Segment Start: Data supplied

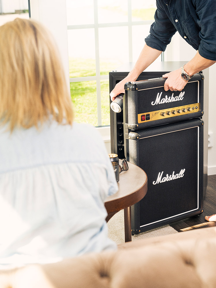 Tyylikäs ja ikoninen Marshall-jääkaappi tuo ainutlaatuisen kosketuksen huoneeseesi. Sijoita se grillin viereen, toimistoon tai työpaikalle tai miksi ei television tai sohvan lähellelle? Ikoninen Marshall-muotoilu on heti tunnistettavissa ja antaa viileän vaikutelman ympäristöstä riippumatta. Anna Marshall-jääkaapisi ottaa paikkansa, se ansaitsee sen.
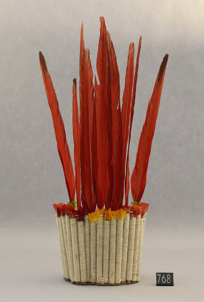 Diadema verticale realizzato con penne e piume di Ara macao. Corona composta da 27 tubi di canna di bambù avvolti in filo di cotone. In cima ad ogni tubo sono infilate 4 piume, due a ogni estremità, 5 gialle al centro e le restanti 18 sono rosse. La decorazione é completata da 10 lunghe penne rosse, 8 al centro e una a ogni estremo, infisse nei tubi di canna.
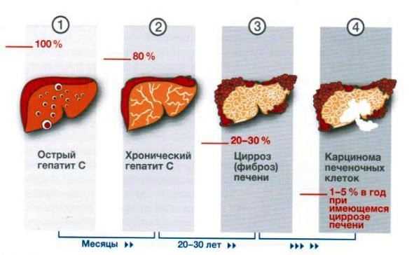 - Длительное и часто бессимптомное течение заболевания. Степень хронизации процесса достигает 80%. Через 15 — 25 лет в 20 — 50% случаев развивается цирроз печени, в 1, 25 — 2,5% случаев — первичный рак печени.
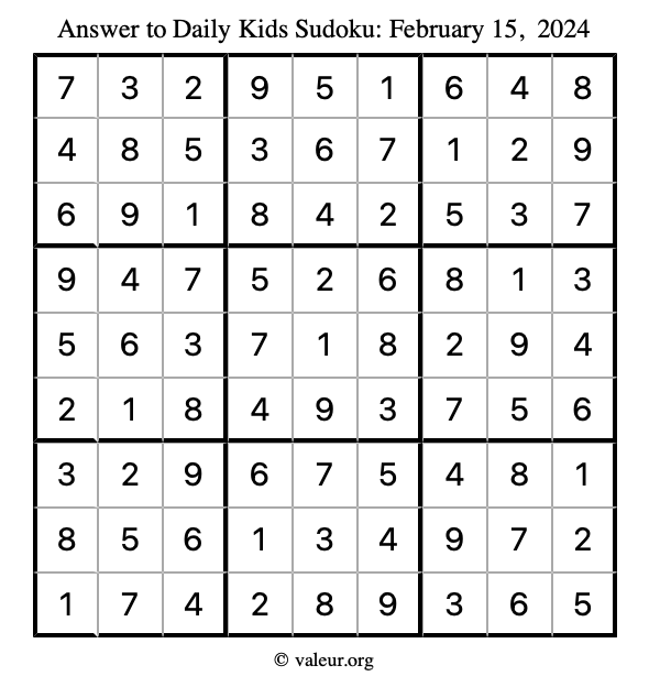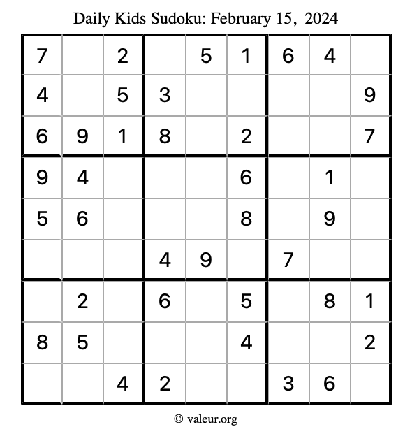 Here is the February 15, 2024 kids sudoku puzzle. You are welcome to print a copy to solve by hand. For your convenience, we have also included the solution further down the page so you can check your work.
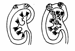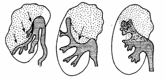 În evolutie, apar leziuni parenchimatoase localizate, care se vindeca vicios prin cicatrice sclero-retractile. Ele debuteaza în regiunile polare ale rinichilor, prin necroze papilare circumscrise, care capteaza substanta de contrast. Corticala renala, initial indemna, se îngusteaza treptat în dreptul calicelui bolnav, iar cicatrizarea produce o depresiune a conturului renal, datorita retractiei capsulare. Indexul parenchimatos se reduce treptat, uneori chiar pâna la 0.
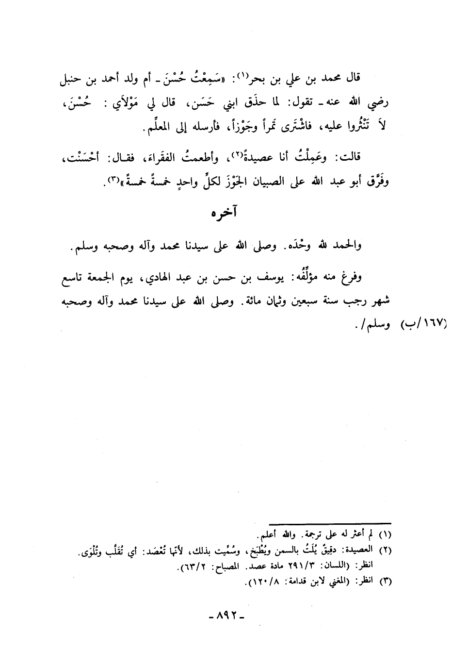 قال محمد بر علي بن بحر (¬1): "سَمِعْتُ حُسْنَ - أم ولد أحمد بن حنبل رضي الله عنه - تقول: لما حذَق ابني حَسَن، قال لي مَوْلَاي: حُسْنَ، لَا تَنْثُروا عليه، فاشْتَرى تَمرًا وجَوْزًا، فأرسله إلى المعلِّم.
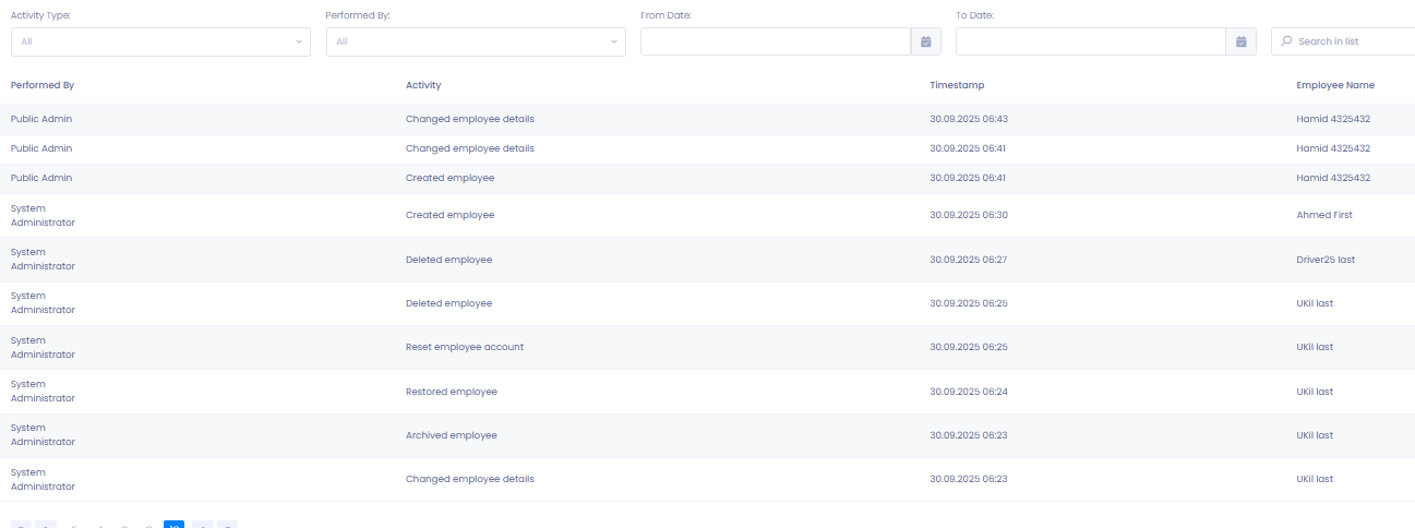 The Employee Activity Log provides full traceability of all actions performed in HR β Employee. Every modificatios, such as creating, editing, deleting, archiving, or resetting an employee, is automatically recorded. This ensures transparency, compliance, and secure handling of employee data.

Segment End: Data supplied
Segment Start: Data supplied

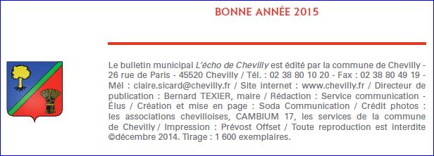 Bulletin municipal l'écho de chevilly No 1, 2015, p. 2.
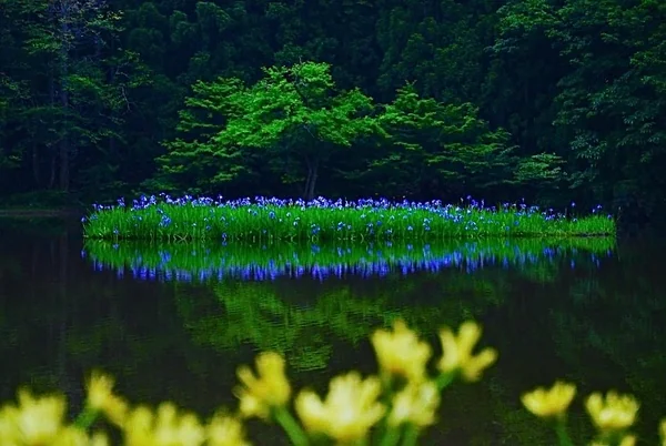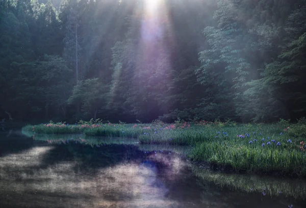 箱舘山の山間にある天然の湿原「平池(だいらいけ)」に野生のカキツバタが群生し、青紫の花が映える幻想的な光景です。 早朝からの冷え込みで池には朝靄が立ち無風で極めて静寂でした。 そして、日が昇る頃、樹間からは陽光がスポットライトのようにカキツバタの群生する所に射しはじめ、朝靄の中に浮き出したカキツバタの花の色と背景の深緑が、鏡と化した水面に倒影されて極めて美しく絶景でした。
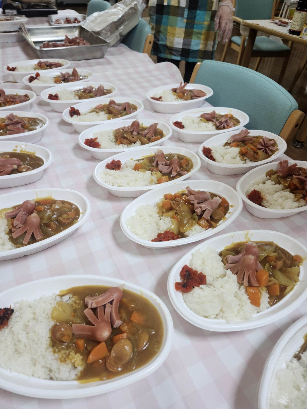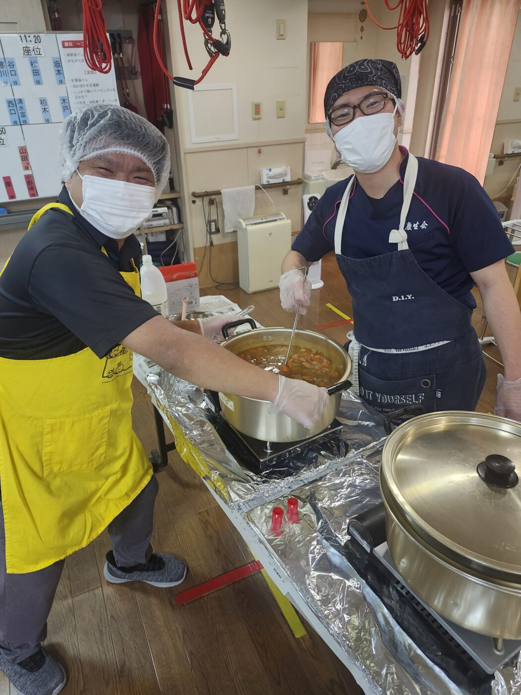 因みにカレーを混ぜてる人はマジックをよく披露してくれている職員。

Segment End: Data supplied

[Instructions to follow] Although pictures appear among the entries, please set down only the lines from the one with "Here is the" up to and including the one with "The Employee Activity", word for word.

[Result for this task]
 Here is the February 15, 2024 kids sudoku puzzle. You are welcome to print a copy to solve by hand. For your convenience, we have also included the solution further down the page so you can check your work.
 În evolutie, apar leziuni parenchimatoase localizate, care se vindeca vicios prin cicatrice sclero-retractile. Ele debuteaza în regiunile polare ale rinichilor, prin necroze papilare circumscrise, care capteaza substanta de contrast. Corticala renala, initial indemna, se îngusteaza treptat în dreptul calicelui bolnav, iar cicatrizarea produce o depresiune a conturului renal, datorita retractiei capsulare. Indexul parenchimatos se reduce treptat, uneori chiar pâna la 0.
 قال محمد بر علي بن بحر (¬1): "سَمِعْتُ حُسْنَ - أم ولد أحمد بن حنبل رضي الله عنه - تقول: لما حذَق ابني حَسَن، قال لي مَوْلَاي: حُسْنَ، لَا تَنْثُروا عليه، فاشْتَرى تَمرًا وجَوْزًا، فأرسله إلى المعلِّم.
 The Employee Activity Log provides full traceability of all actions performed in HR β Employee. Every modificatios, such as creating, editing, deleting, archiving, or resetting an employee, is automatically recorded. This ensures transparency, compliance, and secure handling of employee data.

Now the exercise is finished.